=== Exercise brief ===
No pictures go in the copy; retype exactly the lines from the one with "Perry Top Autumn" through the last line of the records.

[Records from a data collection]
══════

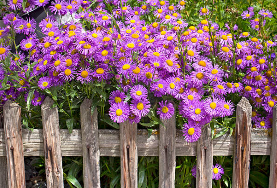 • Star-shaped, daisy-like flowers in purple, lavender, blue, pink, and white with golden centers.
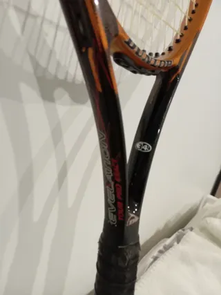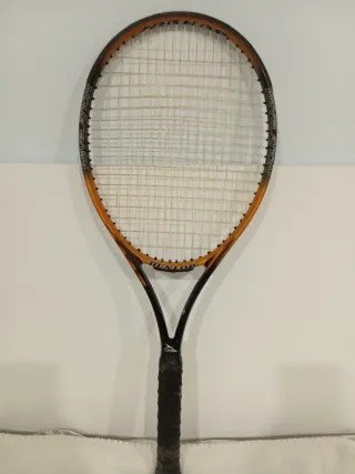 Raqueta de tenis Dunlop en buen estado, lista para jugar. Incluye dos pelotas. Si os apetece le cambias el agarre si no igualmente puedes jugar, es por gusto. - Marco de color naranja y negro. - Cuerdas blancas. - Empuñadura negra.
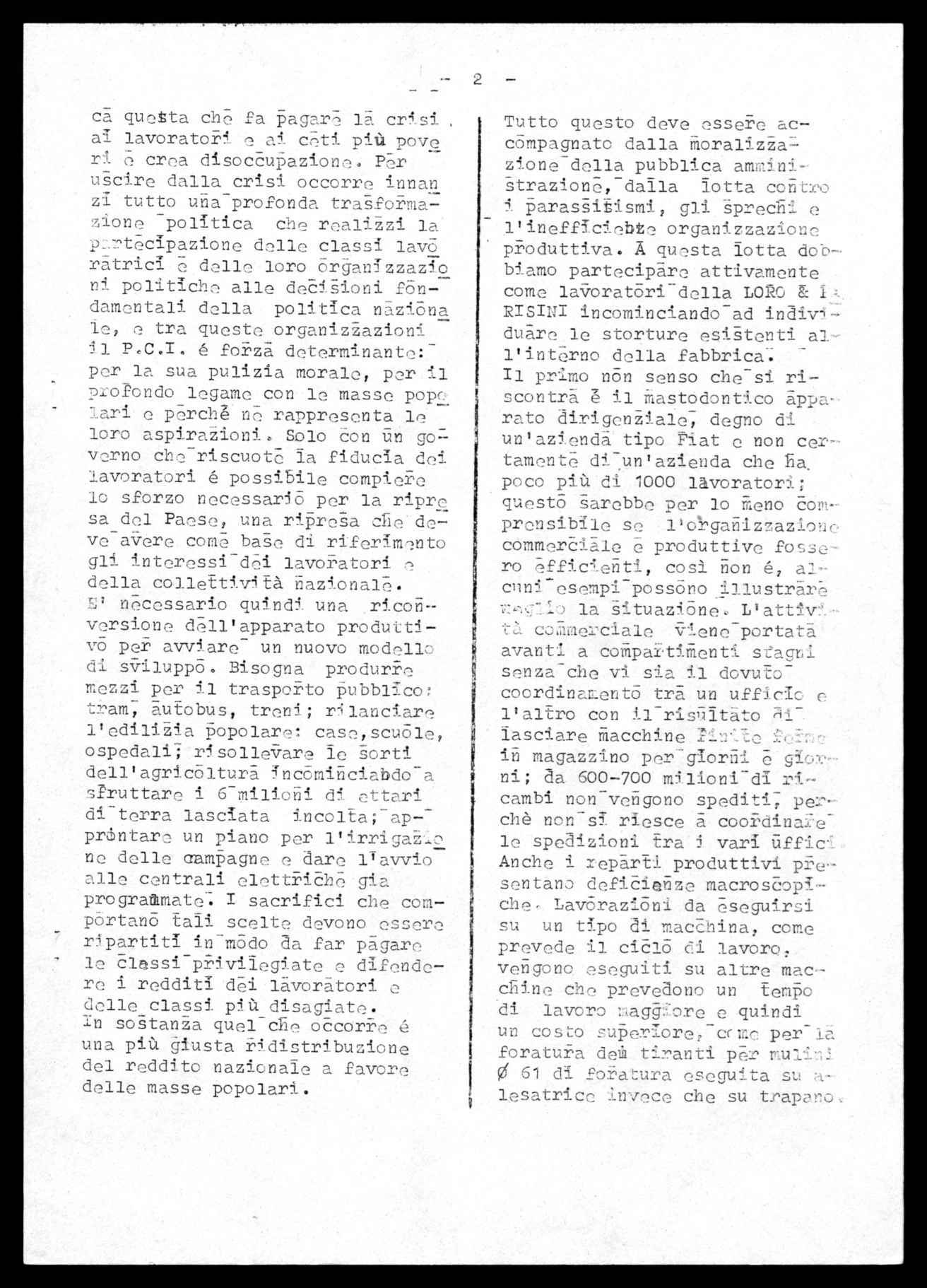 Tutto questo deve essere accompagnato dalla MoralizZatlzionedella pubblica amminigtrazione,daila lotta contro 5 parassitismi, gli sprecai e rinefficiebte organizzazione pi;oduttiva. A questa lotta dobbiamo partecipare attivamente come laVorató -ridella LORO & RISINI incominciando adindivi duare le storture esistenti agl'interno della fabbrica;Il primo n6n senso che-si riscontra é il Mastodontico appa rato dirigenziale, degno di un'azjenda tipo Fiat e non certamente diTun'azienda che Ea, poco più di 1000 lavoratori; questó sarebbe per lo Meno comprensibile se l'ol-ganizzaziomP commerciale e produttive fossero(ifficenti, così non é, a2cnn5 -esempi-possóno illustrare la gituazìane, L'attiv coanerciale ,iene-portata avanti a coMpartiMenti stagni senza-che vi sia il dovuto coordinaLent6 tra un ufficio e l'altro con 11risfdtato lasciare Macchine in magazzino per - giorni e gic, ni; da 600-700 milioni-di ricambi non vengonospediti; perchè non-si riesce à cooi;dinal .e le spedizioni trai vari tiffic-I Anche i reparti_ produttivi p35esentano deficienze macrosopiche, Lavórazi6ni daeseguirsi su un tipo di macchina, come prevede il ciC16 c7. .1 lavoro, vengono eseguiti su altre macchine che prevedono un tempo di lavoro :,agd':oro e quindi un costo superiore,-ce ire per- La foratura dei tiranti
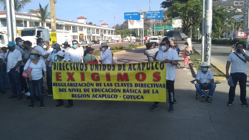 ACAPULCO. —Docentes que cumplen funciones de directores en distintas zonas escolares se manifestaron otra vez en el bulevar de Las Naciones, para que las autoridades de educación les regularicen sus claves.
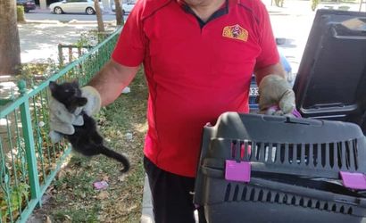 İtfaiye ekipleri, kurtardıkları kedi yavrusunu bakım ve beslenmesi için yanlarında götürdü.
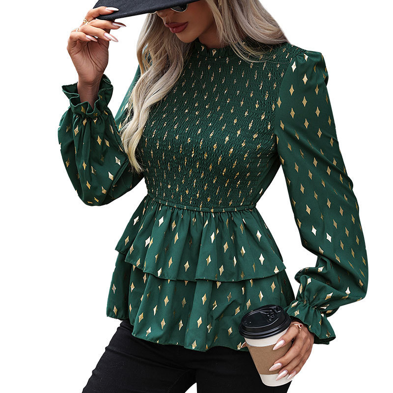 Perry Top Autumn New Women’s Clothing an Lotus Lottery Long -sleeved Stitch Shirts
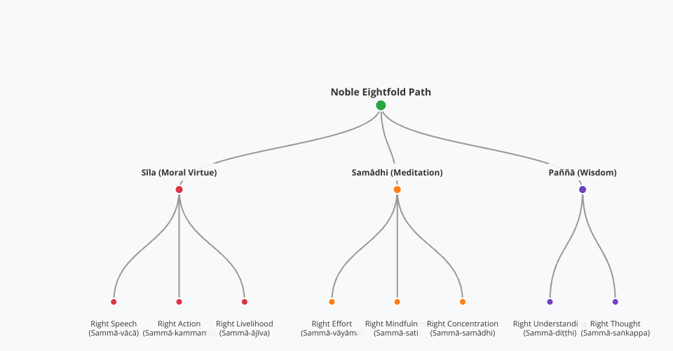 An interactive D3.js visualization of the Buddhist Noble Eightfold Path, organized into three main categories:
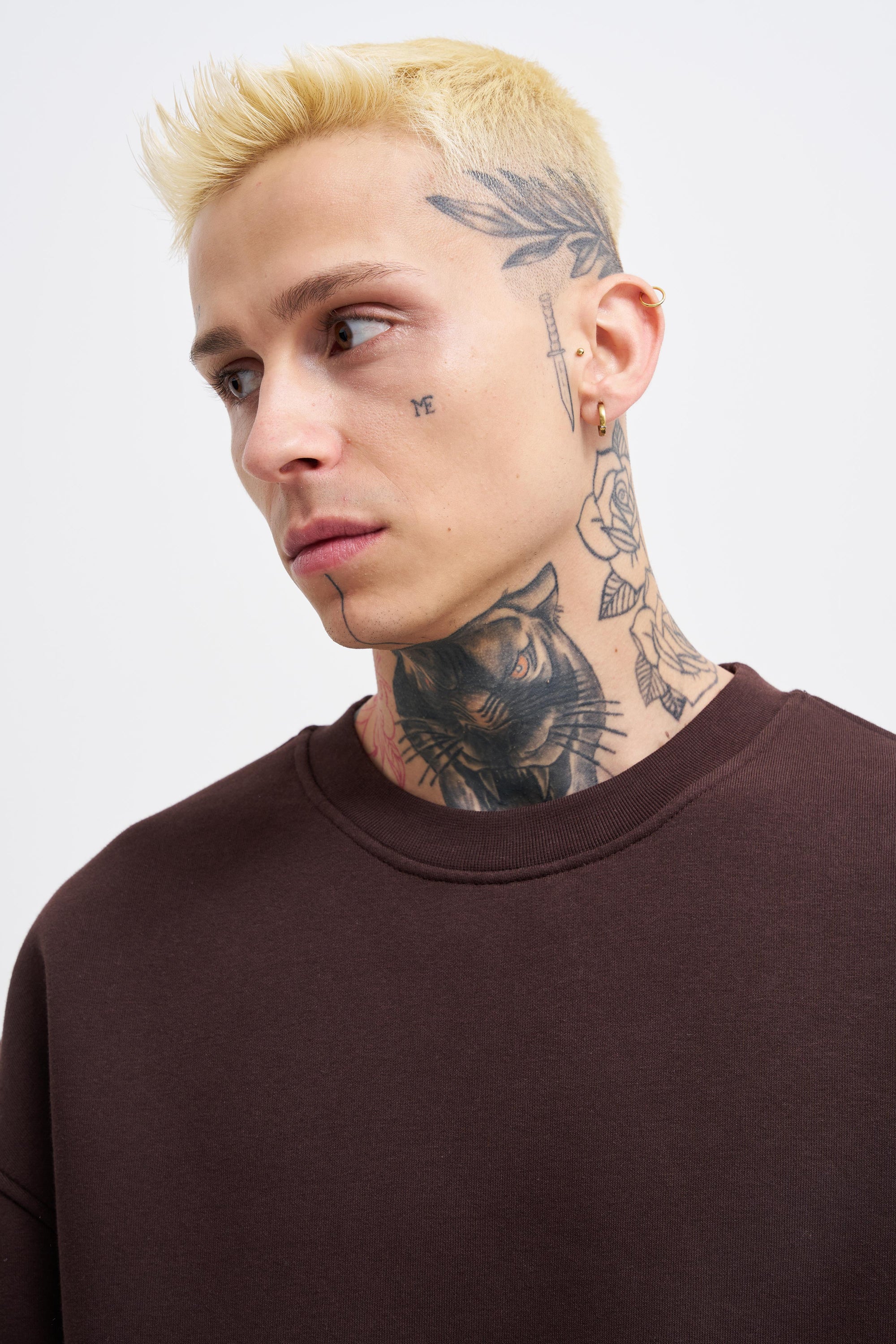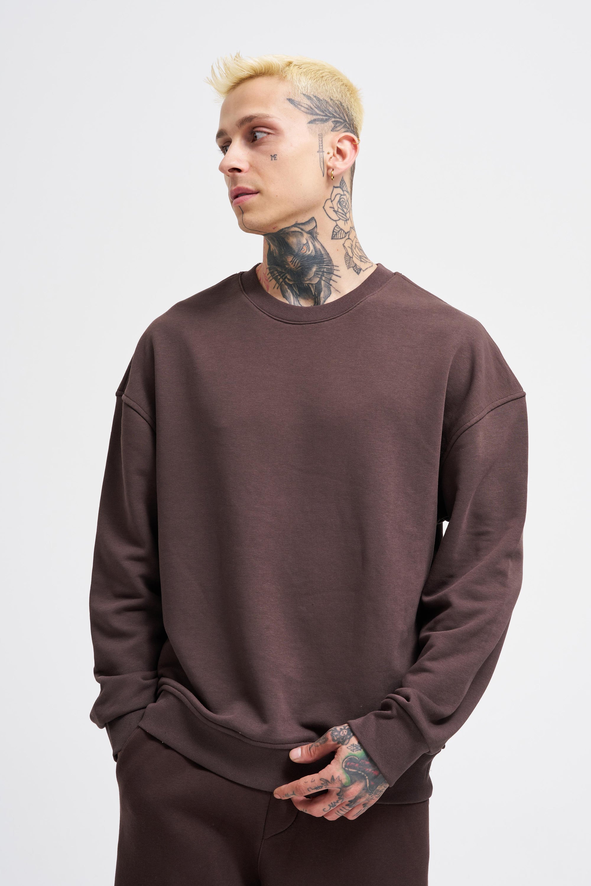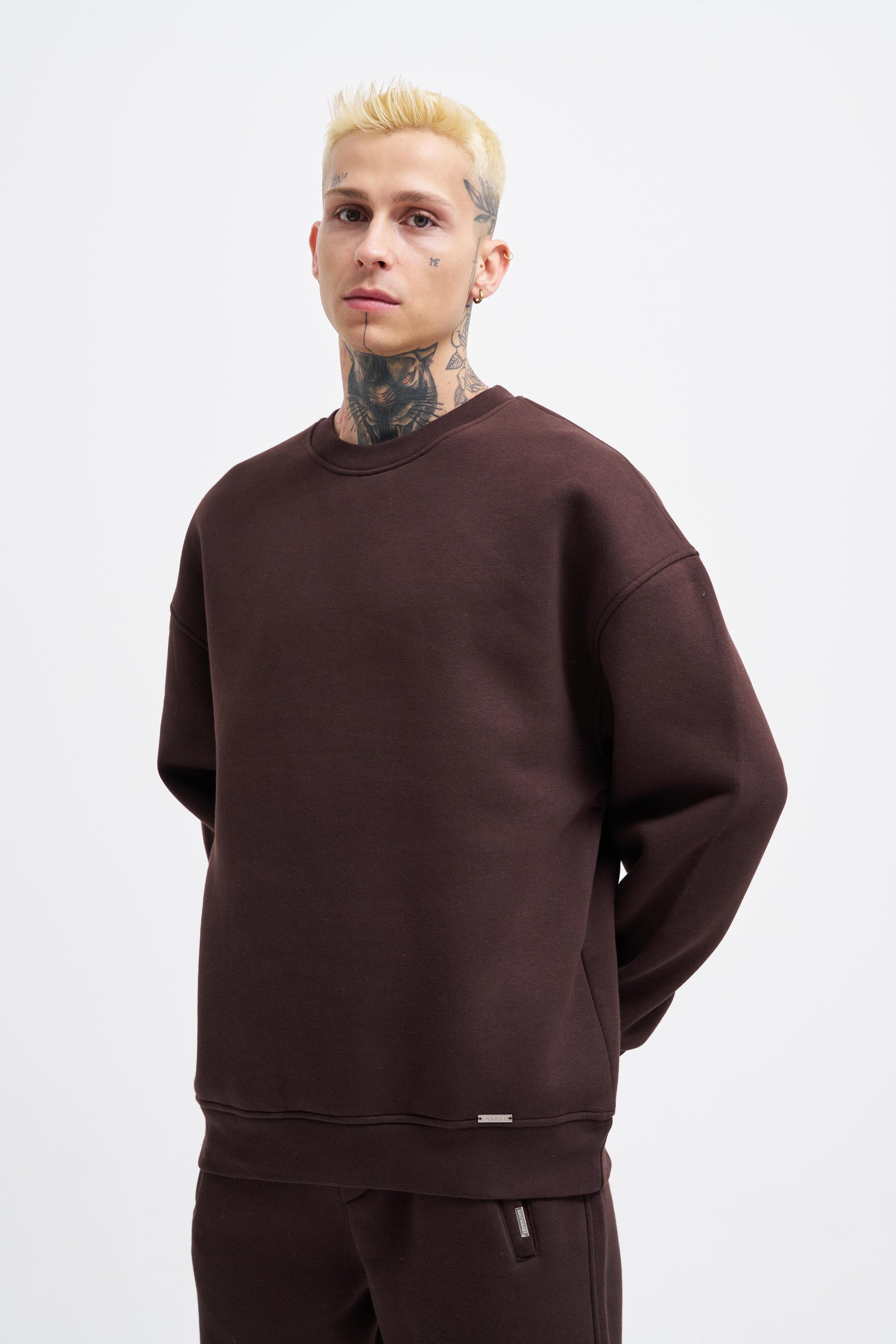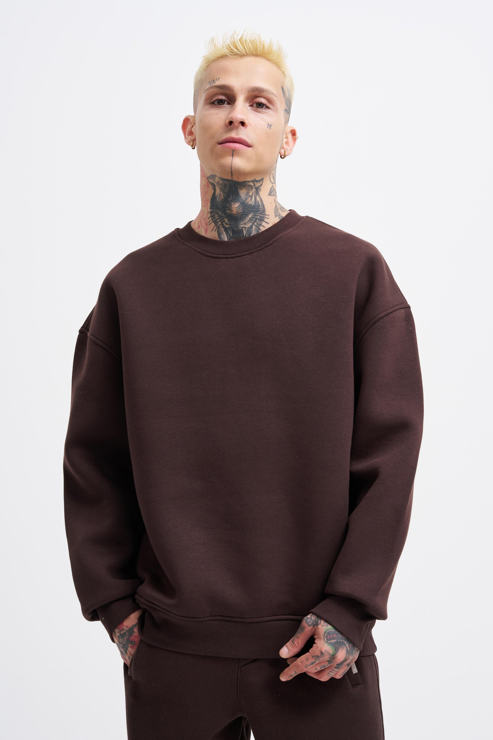 Erkek Basic Bisiklet Yaka Oversize Sweatshirt Koyu Kahverengi
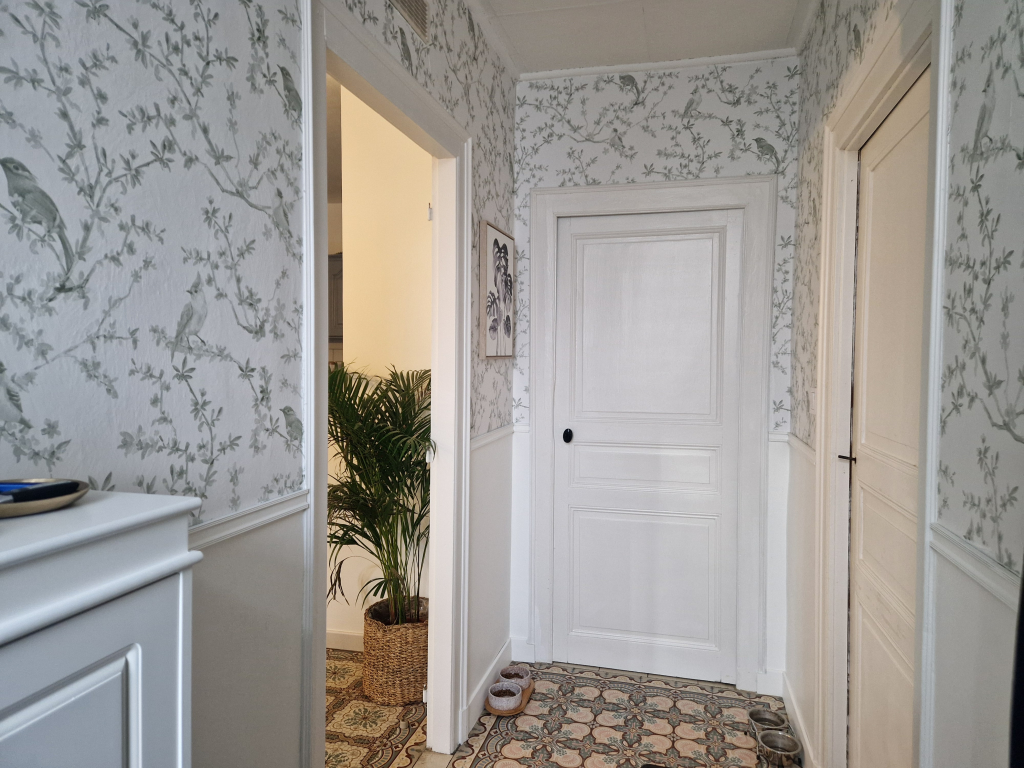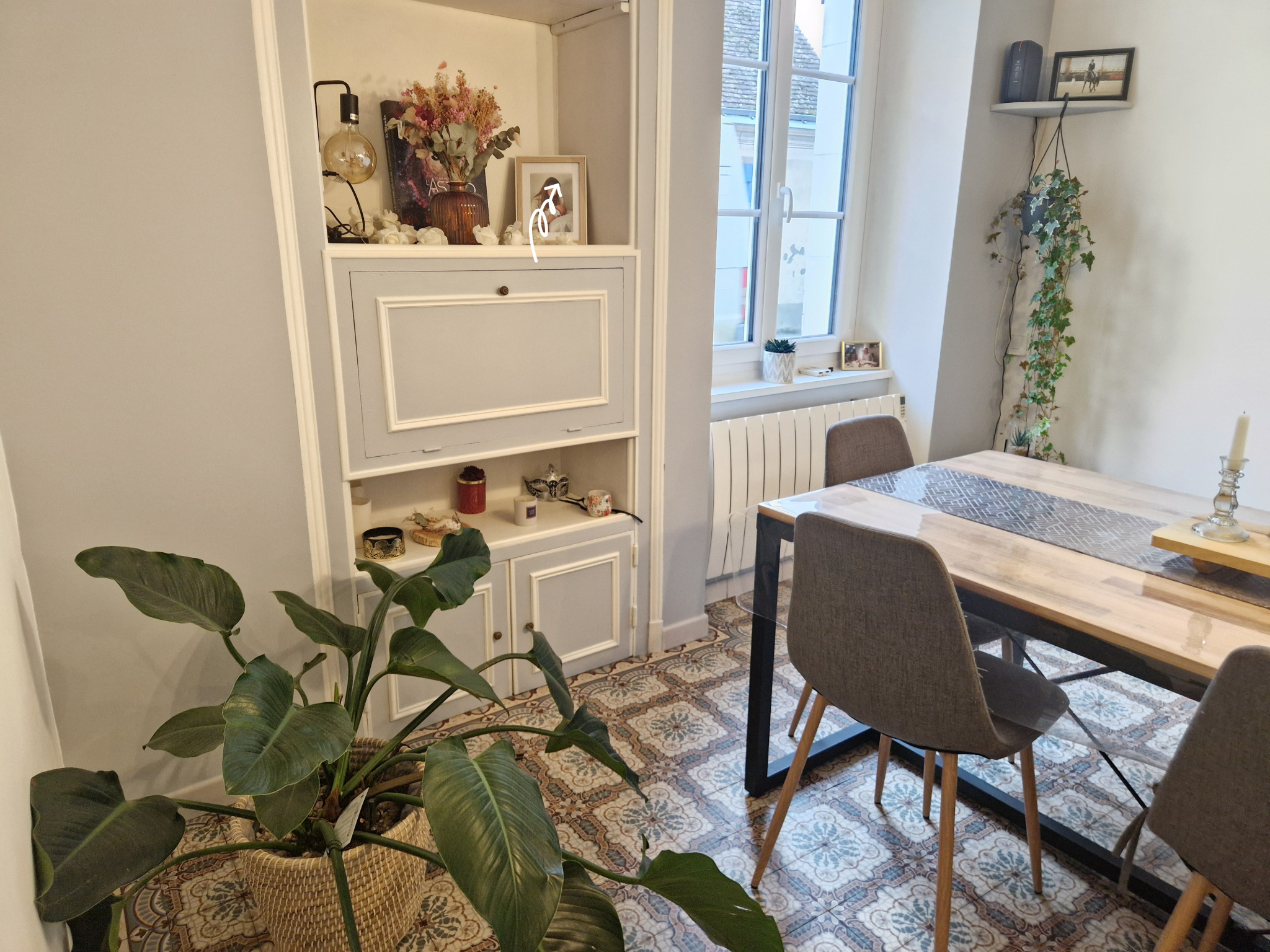 Dès l’entrée, tu seras accueilli(e) par un séjour chaleureux ouvert sur une cuisine aménagée et semi équipée. Les carreaux de ciment d’origine donnent le ton : les amoureux de l’ancien vont craquer.

══════

=== Solution for this task ===
 Perry Top Autumn New Women’s Clothing an Lotus Lottery Long -sleeved Stitch Shirts
 An interactive D3.js visualization of the Buddhist Noble Eightfold Path, organized into three main categories:
 Erkek Basic Bisiklet Yaka Oversize Sweatshirt Koyu Kahverengi
 Dès l’entrée, tu seras accueilli(e) par un séjour chaleureux ouvert sur une cuisine aménagée et semi équipée. Les carreaux de ciment d’origine donnent le ton : les amoureux de l’ancien vont craquer.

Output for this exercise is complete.